### WHAT YOU NEED TO DO
When you reach the line containing "Installation view of", begin reproducing the material exactly, stop after the line containing "Spacious front-facing lounge", and leave out any pictures along the way.

[LISTED ENTRIES — start]

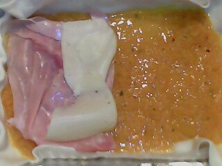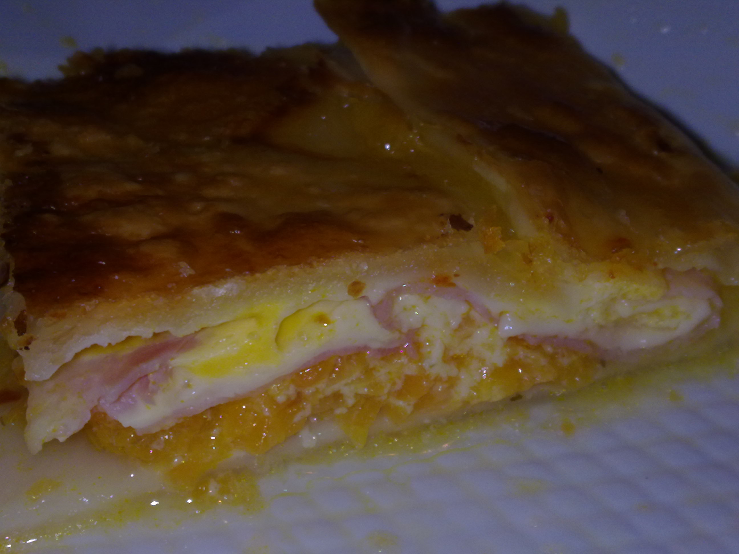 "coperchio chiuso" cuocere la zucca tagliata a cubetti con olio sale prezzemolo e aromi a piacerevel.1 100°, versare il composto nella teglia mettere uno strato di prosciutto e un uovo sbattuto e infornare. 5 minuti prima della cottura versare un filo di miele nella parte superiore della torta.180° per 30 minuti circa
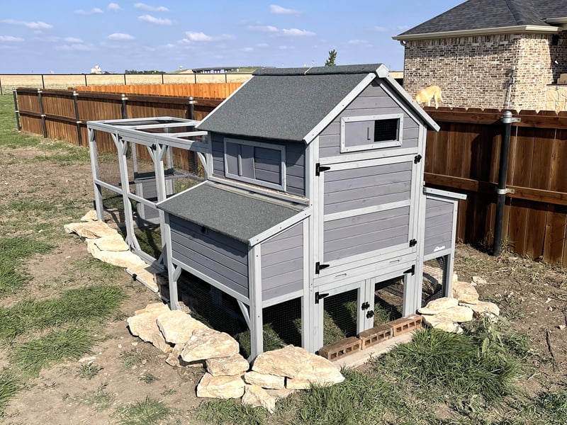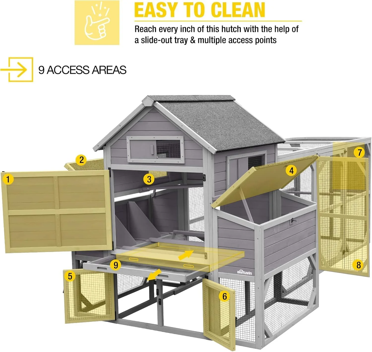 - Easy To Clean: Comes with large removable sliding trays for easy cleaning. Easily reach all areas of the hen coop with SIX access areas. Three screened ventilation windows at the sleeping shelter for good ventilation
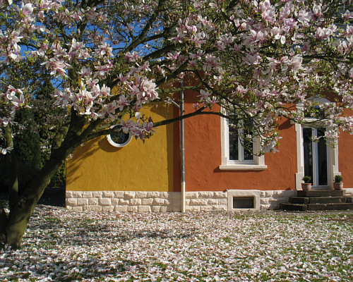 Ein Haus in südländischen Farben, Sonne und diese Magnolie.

[LISTED ENTRIES — finish]
[LISTED ENTRIES — start]

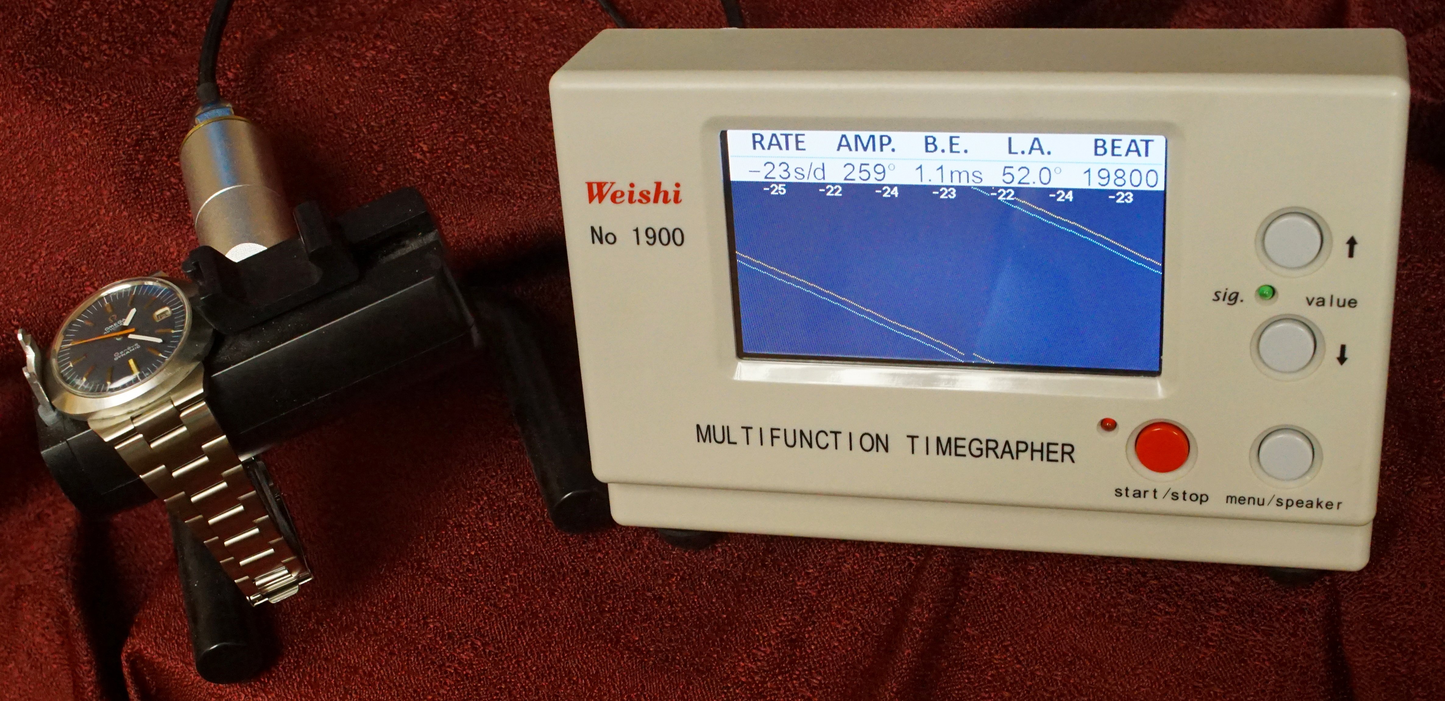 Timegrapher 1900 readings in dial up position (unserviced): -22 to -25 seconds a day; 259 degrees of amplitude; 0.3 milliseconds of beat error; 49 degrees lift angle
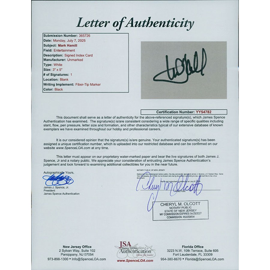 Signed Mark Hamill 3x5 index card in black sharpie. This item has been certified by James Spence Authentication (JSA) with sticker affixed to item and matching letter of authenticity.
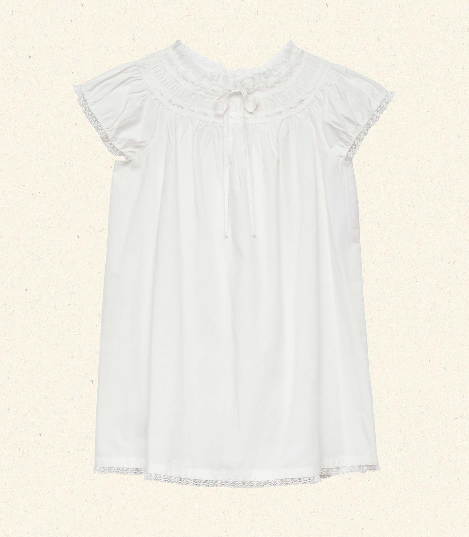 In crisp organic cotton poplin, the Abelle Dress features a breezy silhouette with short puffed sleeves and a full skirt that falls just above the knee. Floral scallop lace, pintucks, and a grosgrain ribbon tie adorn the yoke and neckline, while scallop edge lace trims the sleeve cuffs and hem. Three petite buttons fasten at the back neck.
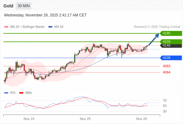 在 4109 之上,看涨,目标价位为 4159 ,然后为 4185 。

[LISTED ENTRIES — finish]
[LISTED ENTRIES — start]

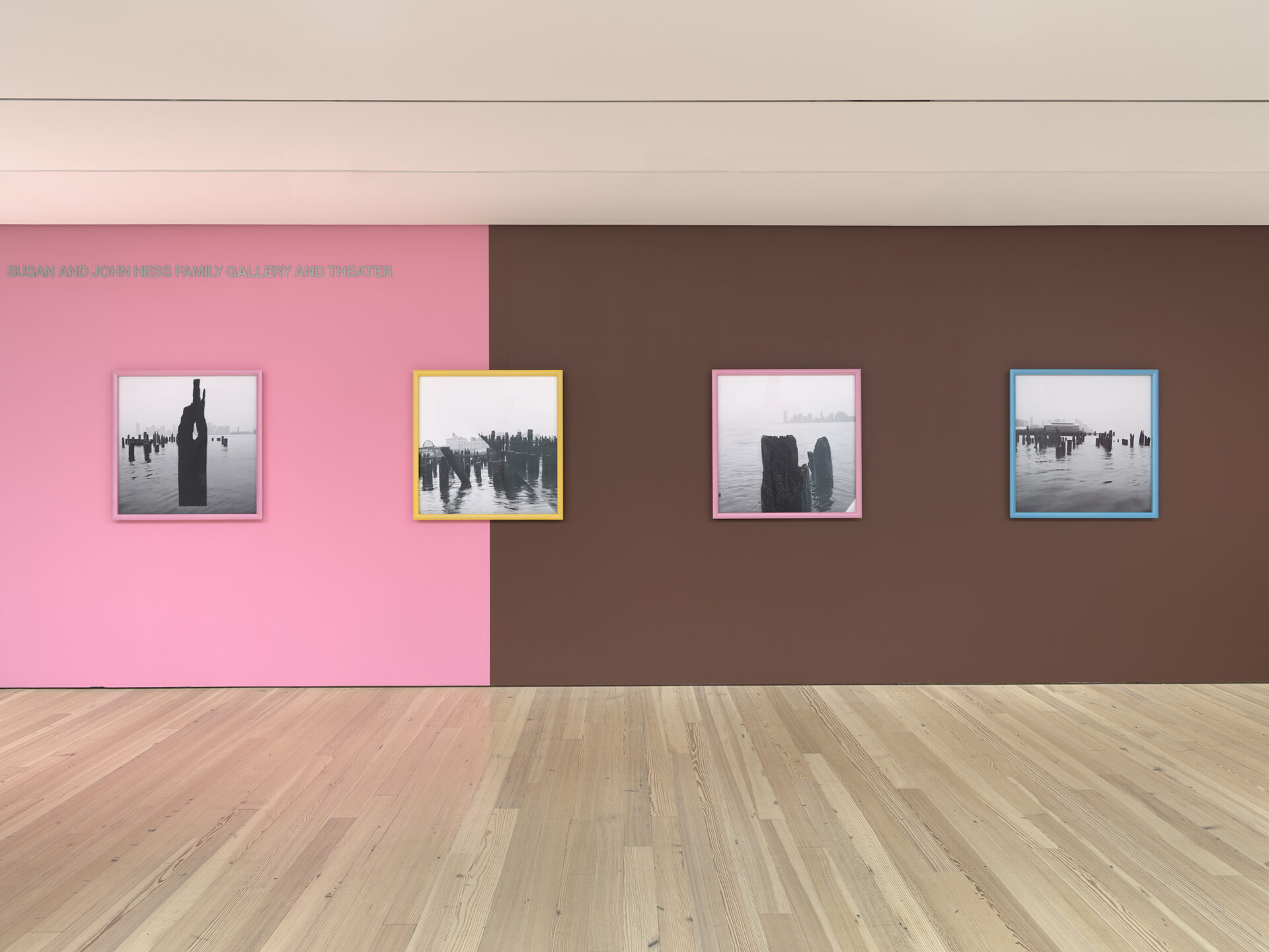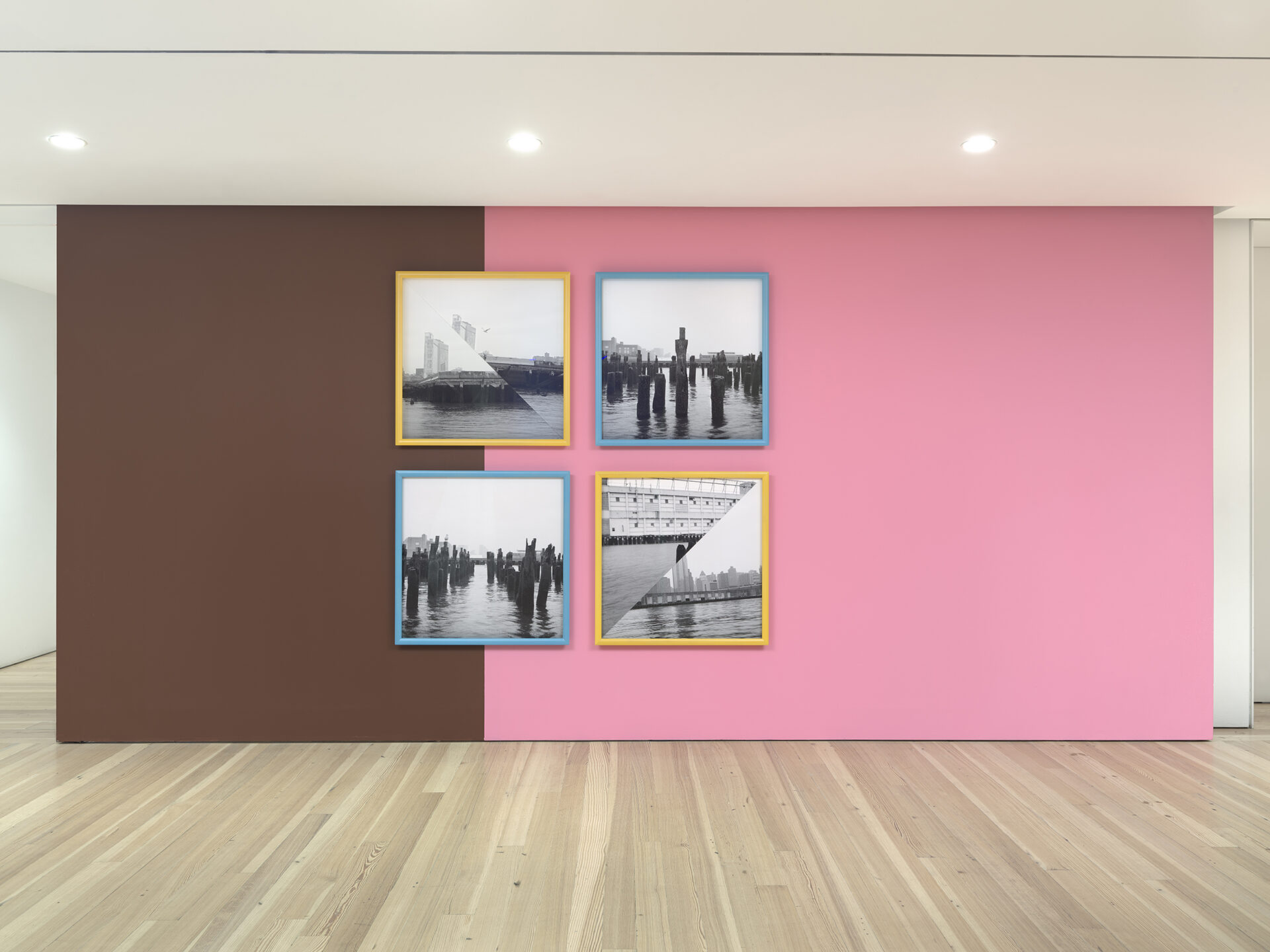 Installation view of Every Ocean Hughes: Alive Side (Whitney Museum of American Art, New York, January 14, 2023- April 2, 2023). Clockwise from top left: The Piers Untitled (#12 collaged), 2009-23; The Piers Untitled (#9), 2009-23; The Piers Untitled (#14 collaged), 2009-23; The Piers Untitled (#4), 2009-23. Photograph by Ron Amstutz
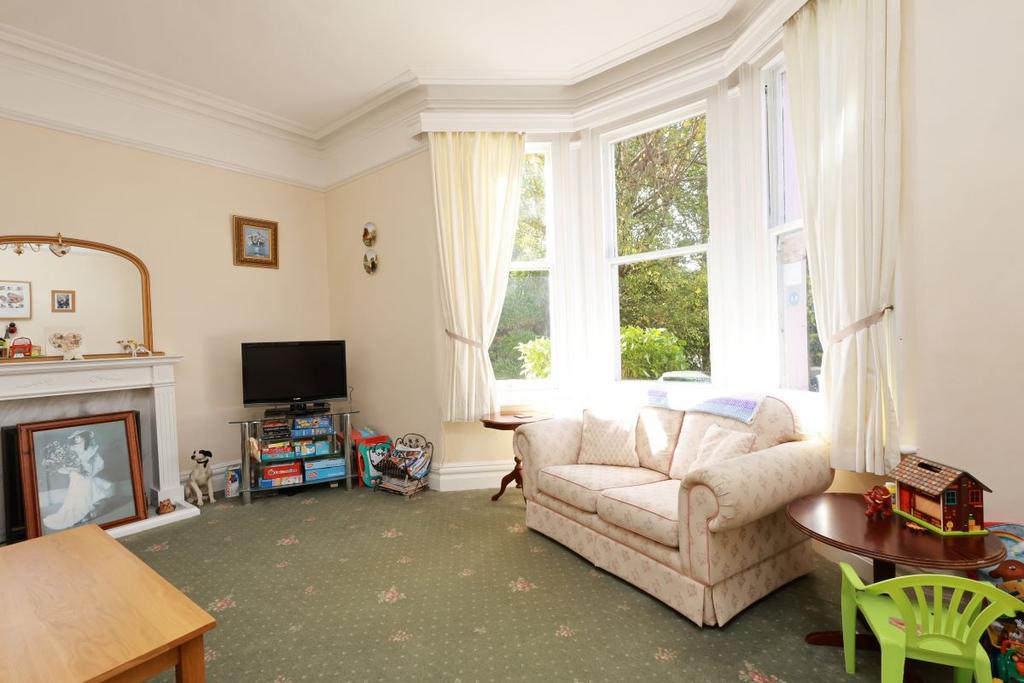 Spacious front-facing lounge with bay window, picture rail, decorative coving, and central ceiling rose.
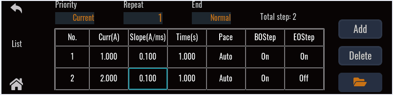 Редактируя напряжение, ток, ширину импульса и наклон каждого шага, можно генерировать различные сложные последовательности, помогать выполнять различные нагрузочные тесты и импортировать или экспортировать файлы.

[LISTED ENTRIES — finish]

### RESPONSE BOX
 Installation view of Every Ocean Hughes: Alive Side (Whitney Museum of American Art, New York, January 14, 2023- April 2, 2023). Clockwise from top left: The Piers Untitled (#12 collaged), 2009-23; The Piers Untitled (#9), 2009-23; The Piers Untitled (#14 collaged), 2009-23; The Piers Untitled (#4), 2009-23. Photograph by Ron Amstutz
 Spacious front-facing lounge with bay window, picture rail, decorative coving, and central ceiling rose.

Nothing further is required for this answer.